There has been a media dog’s breakfast going on amongst the stenographers who aspire to be part of the F1 world. It seems that in Japan the 12 year old kart racer Sena Sakaguchi, who was Japanese junior kart champion last year, has broken his arm. I cannot find any confirmation of this at the moment, but there is not much point in anyone making up such a story. However, somehow or other, the story started circulating in Twitland that Bruno Senna had been injured. This resulted in Bruno telling the Twits that he was fine. The monkeys with typewriters in the “make believe media” then reported that all was well and that the injured person was actually Sakaguchi Sena, which was not very smart as Sena is the poor kid’s first name, not his surname. Sena and Bruno have actually met (some years ago) – and there is documentary evidence to prove it.

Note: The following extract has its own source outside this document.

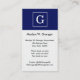 Navy Blue White Framed Initial Monogram Business Card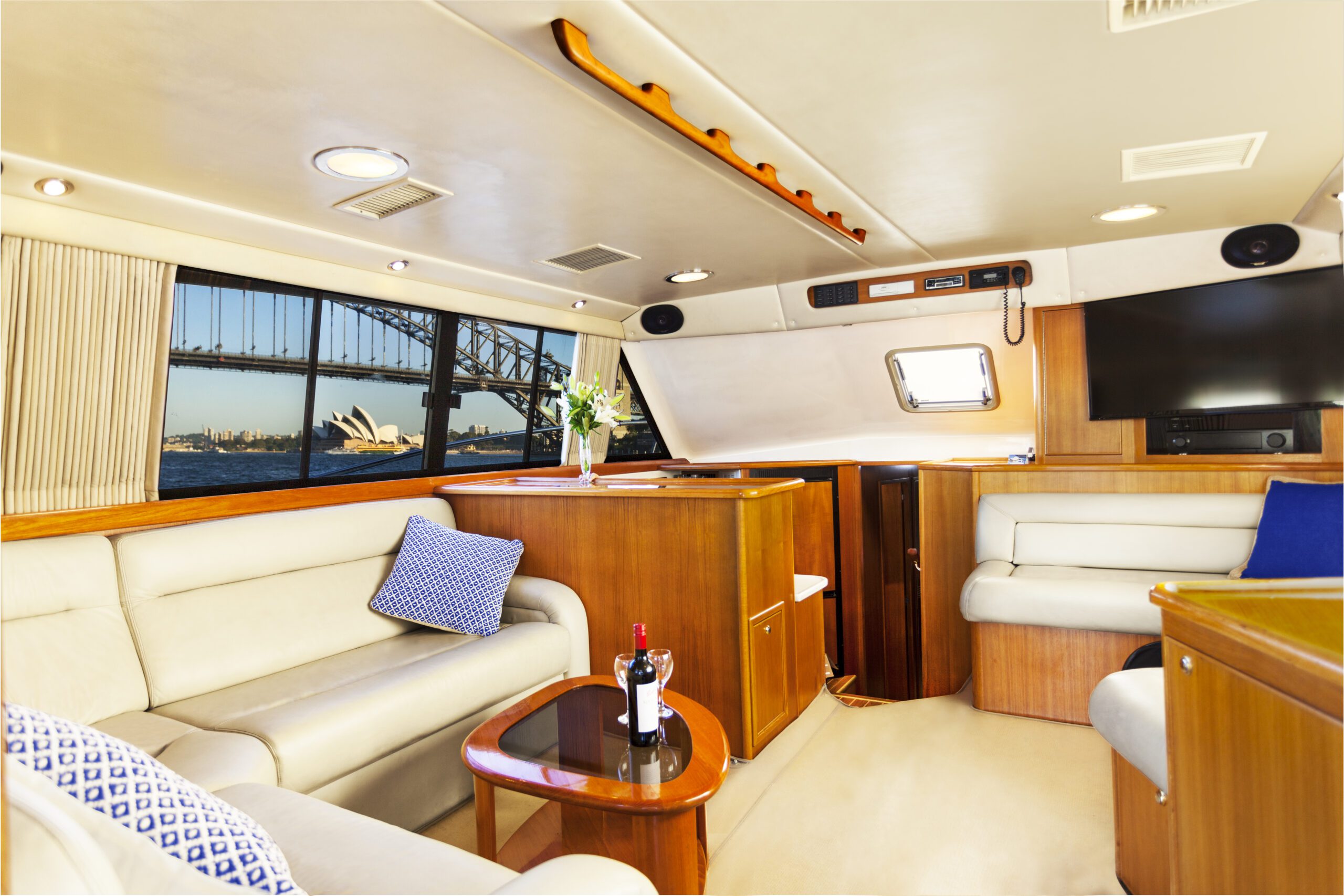 Platinum offers a bespoke experience on Sydney Harbour, designed with three open-plan areas to maximize space and comfort for up to 22 guests. The interior is expansive and luxurious, featuring oversized leather lounges, a fully equipped galley with dishwasher and ice maker, and a climate-controlled environment that ensures year-round comfort. Three private rooms provide secure storage and convenient changing areas, while the front deck offers an expansive sun-soaked retreat with comfortable sunbeds perfect for relaxation.

While I was unravelling this mess I stumbled upon the interesting development of Nicolas Todt’s ART (now called Lotus Grand Prix) expanding into the karting world. I knew that Todt was busy signing up youngsters, notably a rising Monaco driver called Charles Leclerc, who won last year’s KF3 World Cup, but I did not know the extent to which ART has got into karting. The organisation began to manufacture karts at the end of last year with a new department under Guillaume Capietto, the technical director of the GP2 and GP3 operations. ART Grand Prix (France) will field a team featuring Lucas Marchy and Charles Gregory Machado in KF3. There is also an official distributor and team for ART Grand Prix in Finland, plus another in Japan (which will be running the young Sakaguchi). The Japanese operation includes not only karts but also an ART-branded team in Formula Renault in Japan. ART will also have a kart operation in New Zealand and has done a deal with Zip Kart to be the official outfit for ART Grand Prix in the United Kingdom.
One wonders whether the decision to switch ART to Lotus branding will soon mean that there will be an outbreak of Lotus-branding in karts all over the world…
In the last few weeks Caterham has also revealed new ambitions in karting, with plans to organise a Caterham Motorsport-run karting championship in 2013, with Caterham’s own designed and developed kart. The aim is to give karting the benefit from the firm’s 26 years of experience in running low-cost one-make race championships.
The aim is to target the mass-market of parents and youngsters who would like to race in a competitive and yet affordable karting series which, until now, might have been an unachievable dream. Caterham says it is determined to make motorsport accessible to everyone
Caterham Motorsport has appointed 20-year old kart racer Laura Tillett to assist with development of the new karting championship.